Getting Started

This guide will walk you through creating a complete training setup using AccelHydra, using the MNIST classification task as an example.

Project Structure

The example project has the following structure:

my_project/
├── train_launcher.py     # Optional: Custom TrainLauncher (if needed)
├── model.py              # Model definition
├── trainer.py            # Custom Trainer class
├── data.py               # Dataset definitions
└── configs/
    ├── train.yaml        # Main configuration file
    └── basic.yaml        # Base configuration

Only configs/train.yaml is necessary to launch training. You can use the built-in accel_hydra.TrainLauncher directly, or create a custom one if you need to customize the training setup. For other components like models and datasets, the definition location is not important. The only requirement is that their configuration in configs/train.yaml can be instantiated by hydra.utils.instantiate().

Step 1: Define Your Model

Create model.py and define your PyTorch model:

import torch
import torch.nn as nn

class Model(nn.Module):
    def __init__(self) -> None:
        super().__init__()
        self.conv1 = nn.Conv2d(in_channels=1, out_channels=32, kernel_size=3)
        self.pool1 = nn.MaxPool2d(kernel_size=2, stride=2)
        self.conv2 = nn.Conv2d(in_channels=32, out_channels=64, kernel_size=5)
        self.pool2 = nn.MaxPool2d(kernel_size=2, stride=2)
        self.dropout = nn.Dropout2d(p=0.1)
        self.adaptive_pool = nn.AdaptiveMaxPool2d((1, 1))
        self.flatten = nn.Flatten()
        self.linear1 = nn.Linear(64, 128)
        self.relu = nn.ReLU()
        self.linear2 = nn.Linear(128, 10)
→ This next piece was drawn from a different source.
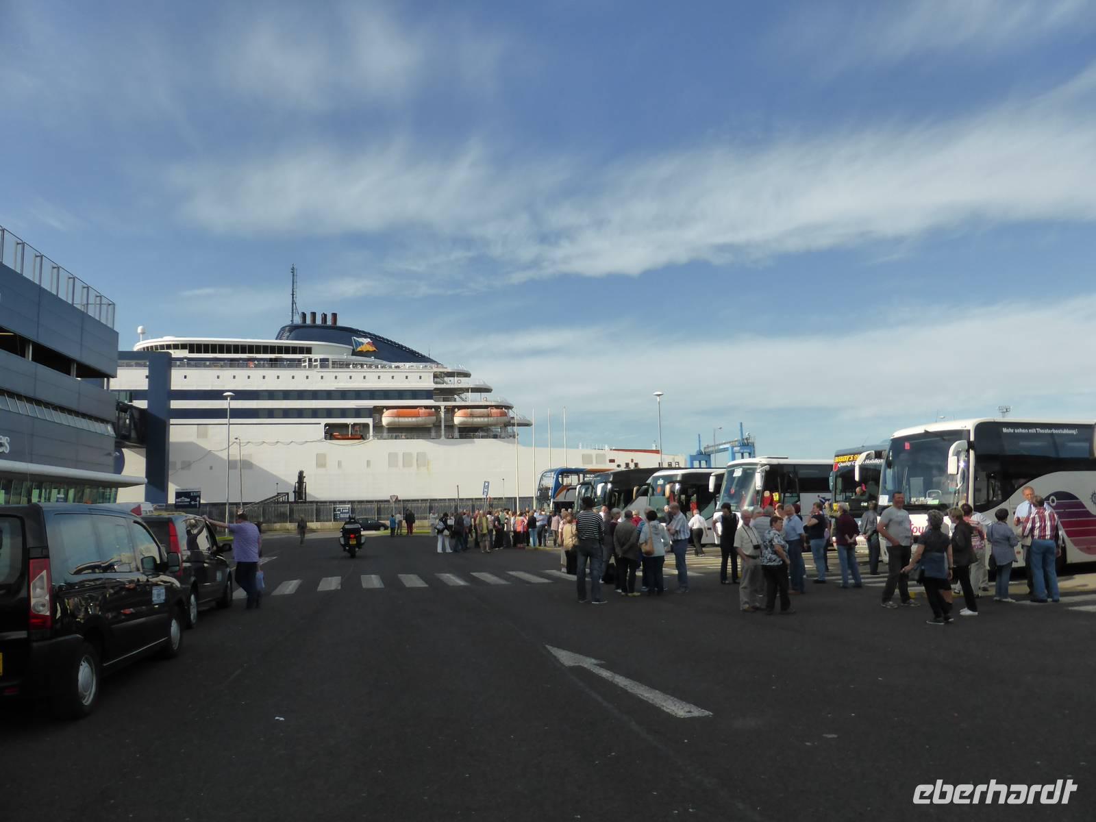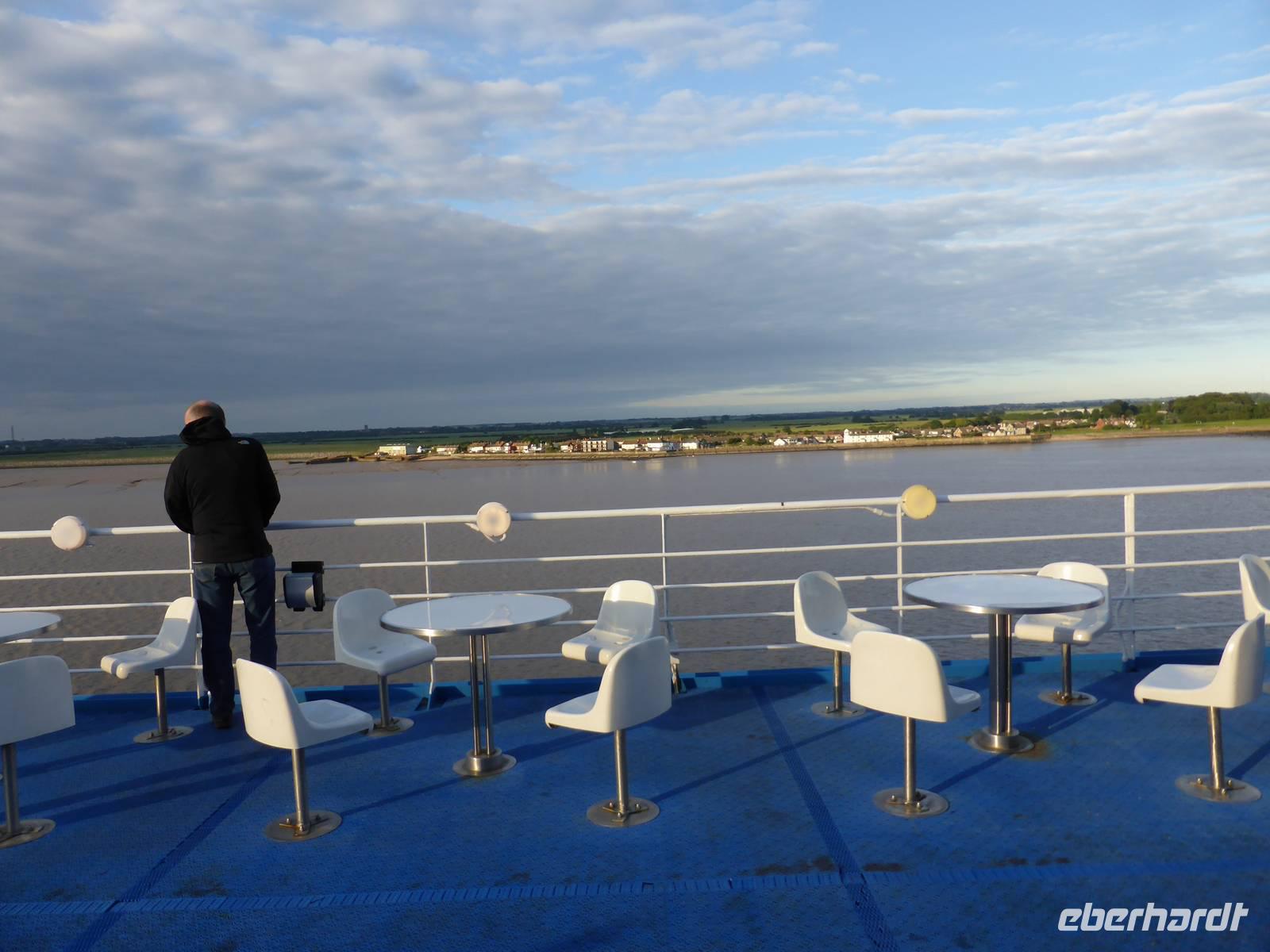 Unsere Reise begann mit der pünktlichen Abfahrt vom Flughafen Dresden. Durch die Sperrung der Autobahnauffahrt Meerane und der damit verbundenen Umleitung kamen wir mit Verspätung an den beiden folgenden Zustiegsstellen an. Am RH Eisenach war unsere Bus-Reisegruppe komplett. Als Fahrtroute hatten wir uns die Strecke über Hessisch Lichtenau, Kassel und Dortmund ausgewählt. Es war eine angenehme Fahrt auf freien Autobahnen, nur in den Niederlanden gerieten wir in den Berufsverkehr. Gegen 19.10 Uhr kamen wir im Rotterdamer Europort am Fährterminal von P&O an. Nach dem Check In auf der Fähre „Pride of Hull" bezogen wir unsere Kabinen und gingen ins Restaurant zum Abendessen. Pünktlich legte die Fähre ab und wir sahen noch einmal die gewaltigen Ausmaße des Rotterdamer Hafens.

    def forward(self, x: torch.Tensor) -> torch.Tensor:
        x = self.conv1(x)
        x = self.pool1(x)
        x = self.conv2(x)
        x = self.pool2(x)
        x = self.dropout(x)
        x = self.adaptive_pool(x)
        x = self.flatten(x)
        x = self.linear1(x)
        x = self.relu(x)
        x = self.linear2(x)
        return x

Step 2: Define Your Datasets

Create data.py to define datasets. Here we directly use torchvision.datasets.MNIST for convenience:

import torchvision
from torchvision import transforms

def train_dataset(data_root: str):
    transform = transforms.Compose([transforms.ToTensor()])
    dataset = torchvision.datasets.MNIST(
        root=data_root, train=True, download=True, transform=transform
    )
    return dataset

def val_dataset(data_root: str):
    transform = transforms.Compose([transforms.ToTensor()])
    dataset = torchvision.datasets.MNIST(
        root=data_root, train=False, download=True, transform=transform
    )
    return dataset

Step 3: Define Your Trainer

Create trainer.py and define your Trainer class. You must implement training_step and validation_step:

from dataclasses import dataclass
from accel_hydra import Trainer

@dataclass(kw_only=True)
class MnistTrainer(Trainer):
    def training_step(self, batch, batch_idx):
        features, labels = batch
        preds = self.model(features)
        loss = self.loss_fn(preds, labels)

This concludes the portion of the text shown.